Marsha

March 29th, 2006

Marsha was late. Her alarm’s sound had been turned all the way down sometime yesterday and she didn’t wake up until 7:00, while she was supposed to be at work at 6:15. She hurriedly pulled her hair into a ponytail holder and grabbed her name badge as she headed for the garage, cursing as her shoulder caught the door frame.

Her grey Toyota sat cold in his place, knowing she was late. He didn’t know why she had to be at the warehouse so early. She didn’t like it there; he heard her complain almost every day to her friends, about the heat (or cold), the dust, the noise, the mechanical sameness of walking up and down the same aisle 70 times, to be finally done and the next day begin as though the former had never happened. Her words seeped into the cell phone, down the charger and into him, like fluid through an umbilical cord. Perhaps, he thought with a smile, I am the mother.
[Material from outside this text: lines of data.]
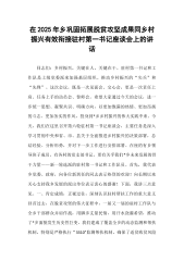 在2025年乡巩固拓展脱贫攻坚成果同乡村振兴有效衔接驻村第一书记座谈会上的讲话同志们:乡村振兴,关键在人,关键在干。驻村第一书记和工作队“”“是上级党委派来加强基层组织、推动乡村振兴的尖兵和先”锋。这次会议,既是一次见面会、交心会,更是一次责任上肩、任务上手的动员会、誓师会。希望大家通过今天的会议,进一步统一思想、凝聚共识、明确方向,以更加饱满的热情、更加昂扬的斗志、更加务实的作风,投身到*乡乡村振兴的伟大实践中来。今天,我们在这里召开第六轮驻村第一书记座谈会,主要任务是深入学习贯彻中央和省、市、县关于全面推进乡村振兴的决策部署,总结经验、分析形势,并对下一步工作进行安排部署。在座的有乡领导班...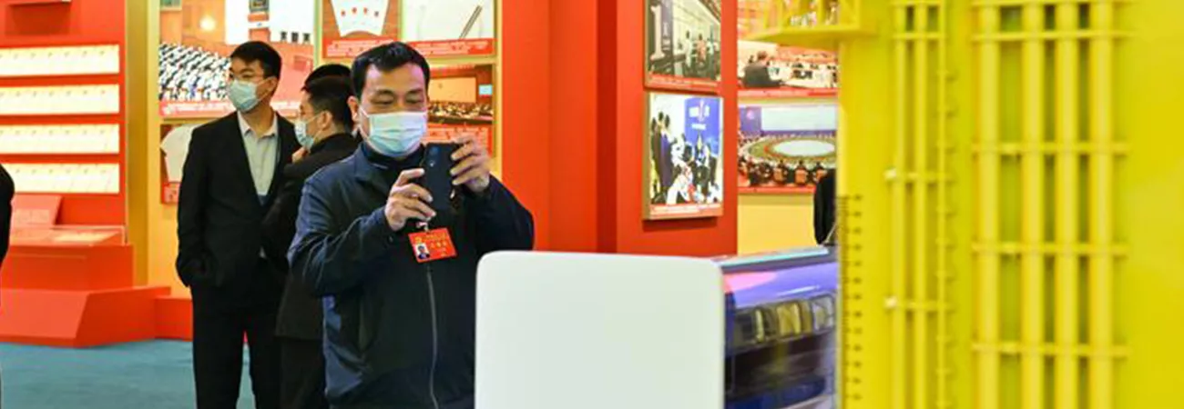 چین، کمیونسٹ پارٹی آف چائنہ کی 20 ویں قومی کانگریس کا ایک مندوب دارالحکومت بیجنگ کے بیجنگ نمائش مرکز میں " نئے دور کی سمت گامزن" کے موضوع پر منعقدہ نمائش کا دورہ کررہا ہے۔ (شِںہوا)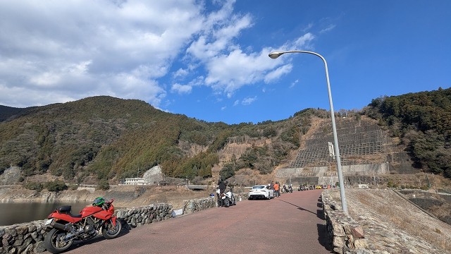 有間ダムに休憩に立ち寄ると、さすが年末 たくさんのバイクと車で賑わってる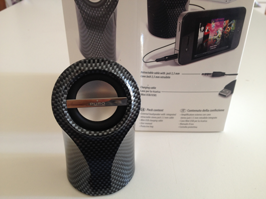 Estetica molto accattivante ed elegante grazie alle rifiniture in simil-carbonio, troviamo il logo Puro stampato sull’asta metallica frontale e sul retro specchiato dell’altoparlante.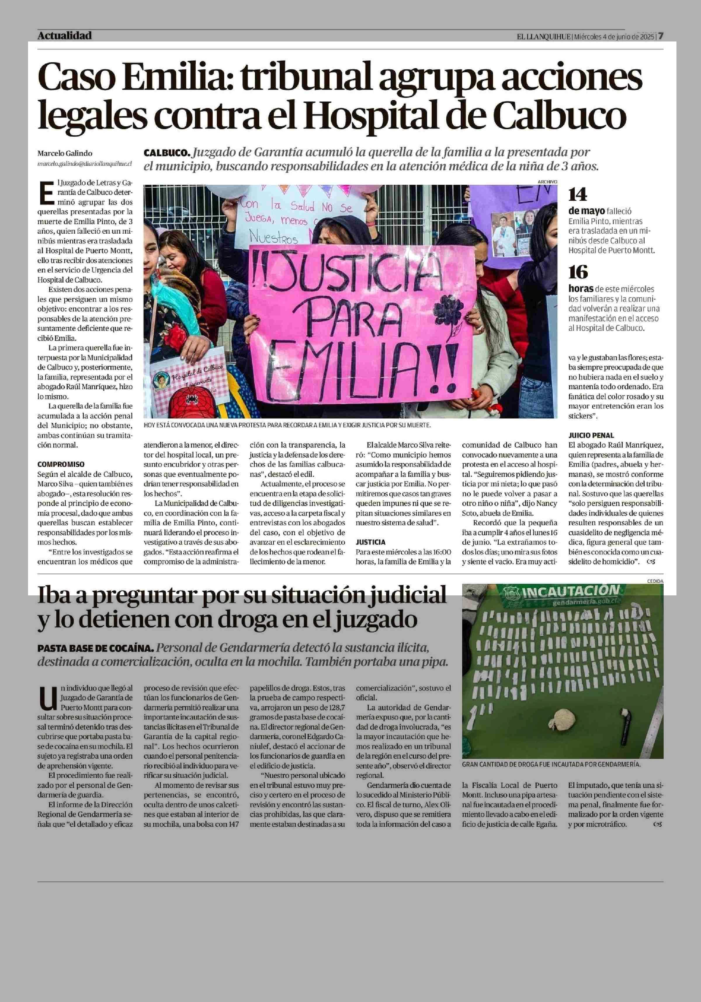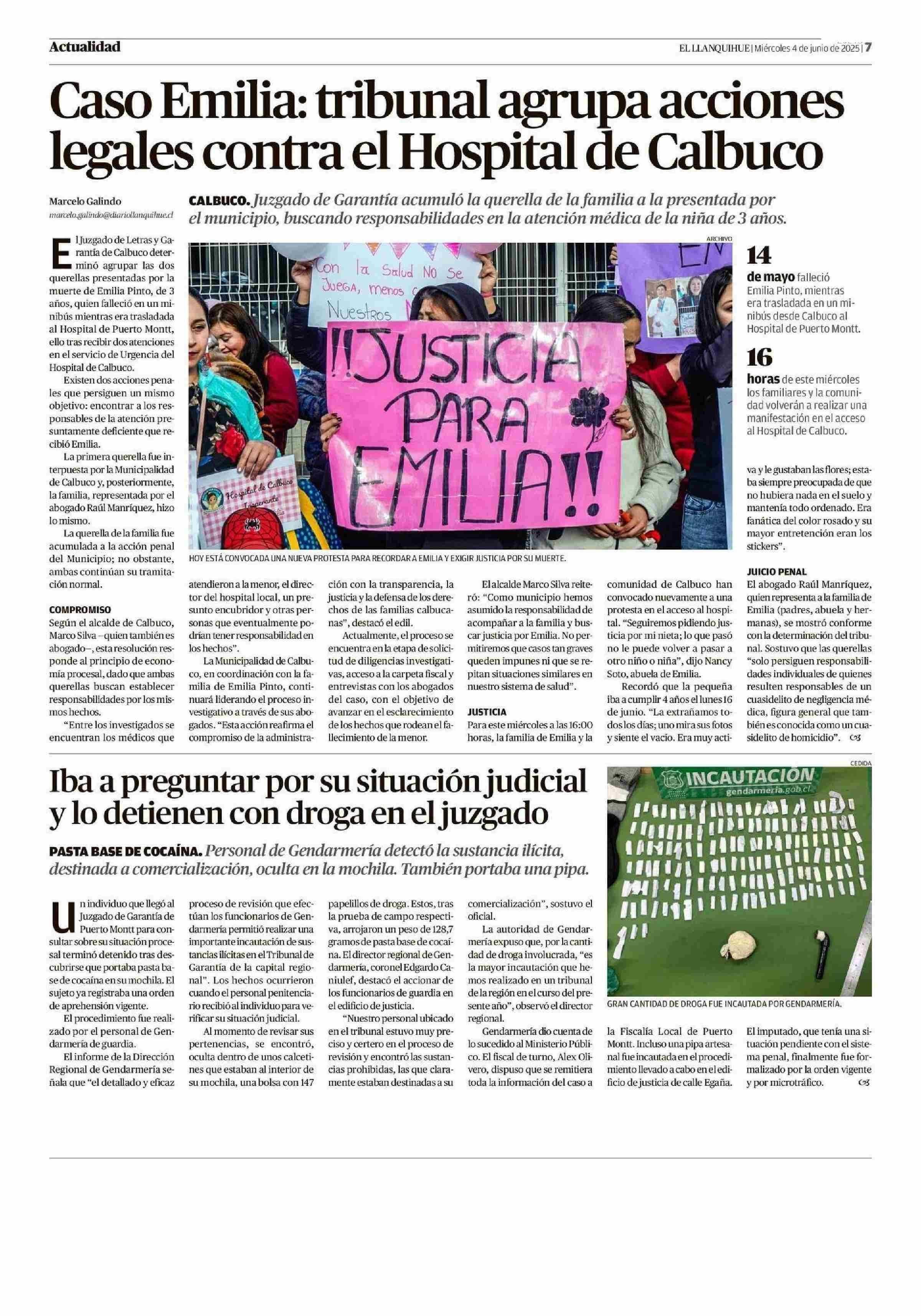 Caso Emilia: tribunal agrupa acciones legales contra el Hospital de Calbuco 04-06-2025 El Llanquihue |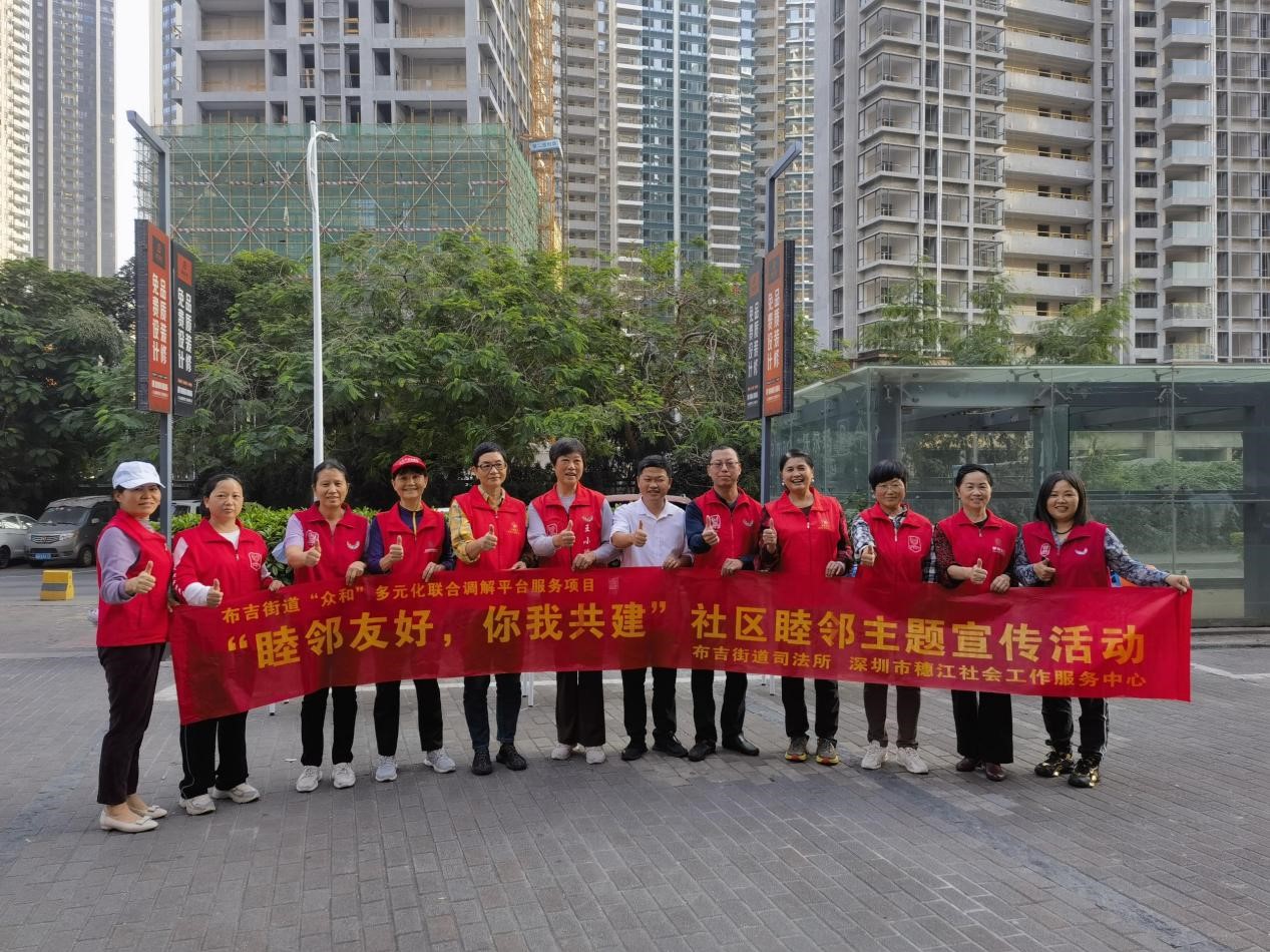 以众和调解平台为抓手,布吉街道司法所还创新实践了“五位一体”矛盾纠纷源头化解综合工作机制,即预警排查、问题研判、分级分流、快速处置、跟踪落实,推进实施“常态巡查、信息收集、归类分析、预警上报”矛盾纠纷隐患排查预警“四步工作法”,统筹协调和动员辖区多方资源和社会力量做好矛盾纠纷预防、排查、化解工作。同时,布吉街道还经常在小区开展沉浸式普法睦邻主题宣传活动,营造了学法、知法、懂法、用法的法治环境。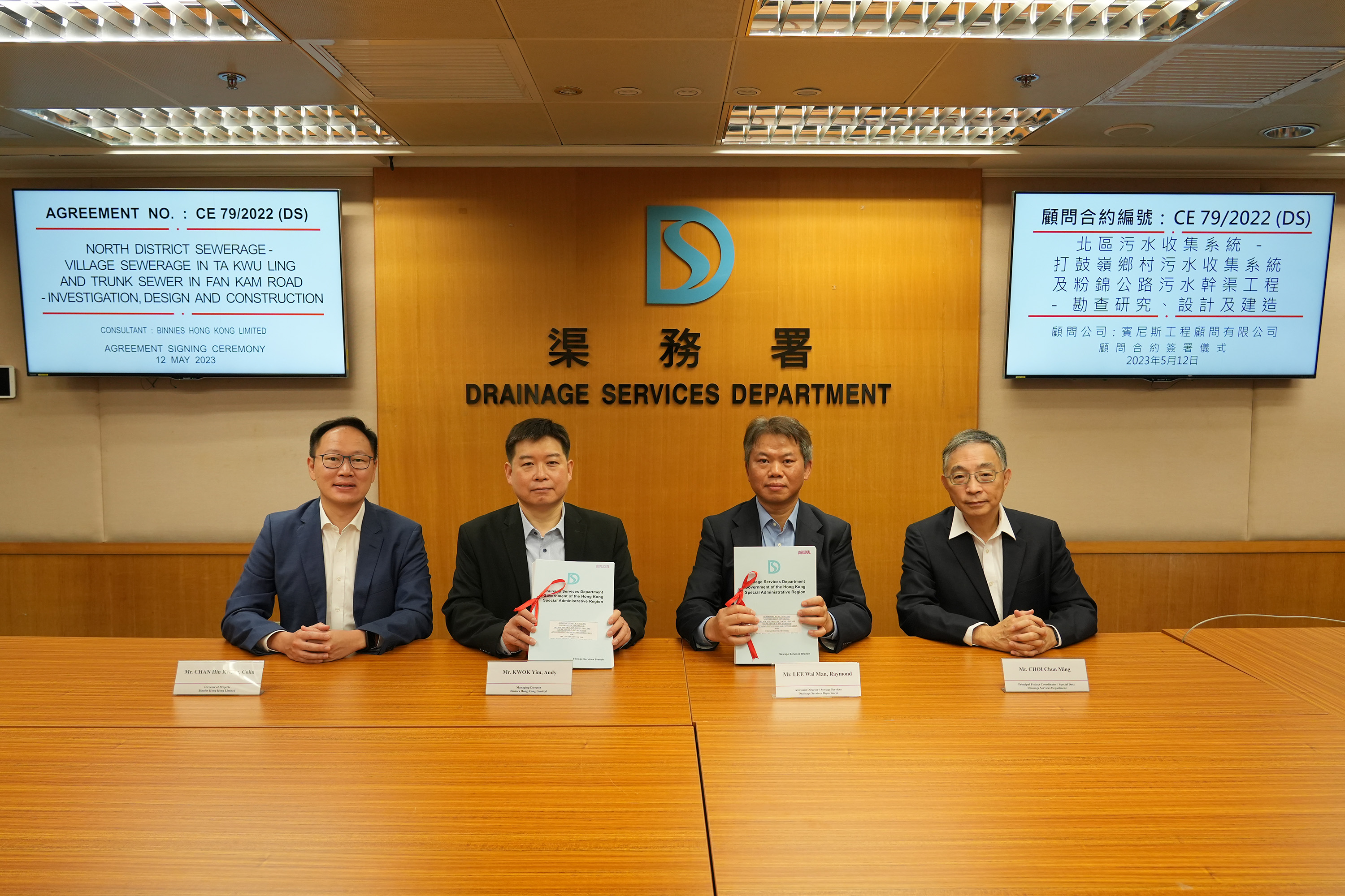 渠务署于2023年5月12日与宾尼斯工程顾问有限公司签署一份总值约1,300万元的顾问合约,为「北区污水收集系统-打鼓岭乡村污水收集系统及粉锦公路污水干渠工程」进行勘查研究、设计及建造。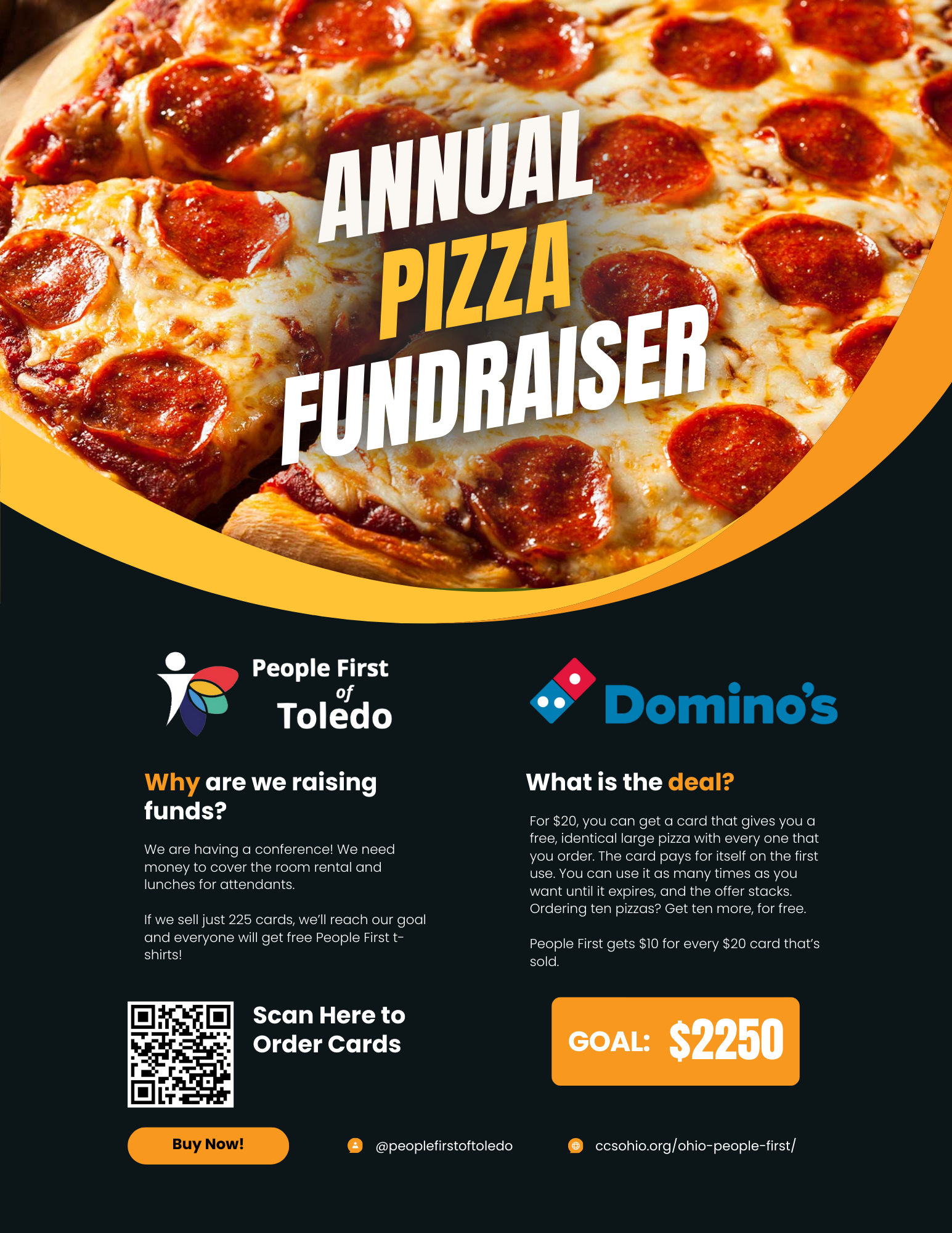 Our self-advocacy program, People First of Toledo, is doing the Domino’s pizza fundraiser! For just $20, you can get a card that gives you a free second large pizza with every large pizza you buy. Since that’s about the cost of one, the card pays for itself the first use. Ordering ten pizzas? Get ten more identical ones, free.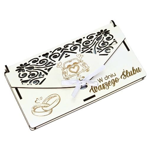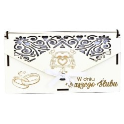 Ażurowe zdobienia – delikatny motyw ślubny wycięty z precyzją dodaje całości klasy i elegancji. Wytrzymały materiał – pudełko zostało wykonane z trwałego, białego materiału drewnopochodnego, co zapewnia jego solidność. Wnętrze z życzeniami – w środku znajduje się piękny nadruk z gotowymi życzeniami oraz przegródka na banknoty. Gotowe do wręczenia – zapakowane w przeźroczystą folię i przewiązane wstążką, co pozwala od razu podarować je jako prezent. Wymiary: 20,5 × 11 × 1,5 cm – idealne, by pomieścić standardowe banknoty i kartki okolicznościowe.

Marsha laughed, a bit bitterly, at the Alanis song on the radio. Here she was, two hours later, still no farther than 27th Street. “Don’tcha think…”

She coughed twice, and wiped her face with a Sonic napkin from the glove box. There was that horrid laundromat, wiped out in one of the tornadoes, then ressurected with the same ugly gold roof as though nothing had happened. She thought about her mother, riding a bus to the laundromat in Norman, calling once in a while to make sure Marsha wasn’t doing anything stupid.

Three cars whizzed by on the shoulder. She yelled at them in her mind, envied their audacity. Where’s a cop when you need one?

Marsha considered taking the exit, but since the construction ended in just a ways, she decided not to. Twenty minutes later, cursing the decision, she sped up with the traffic and fairly flew onto 240, almost colliding with a Stanley Steamer van.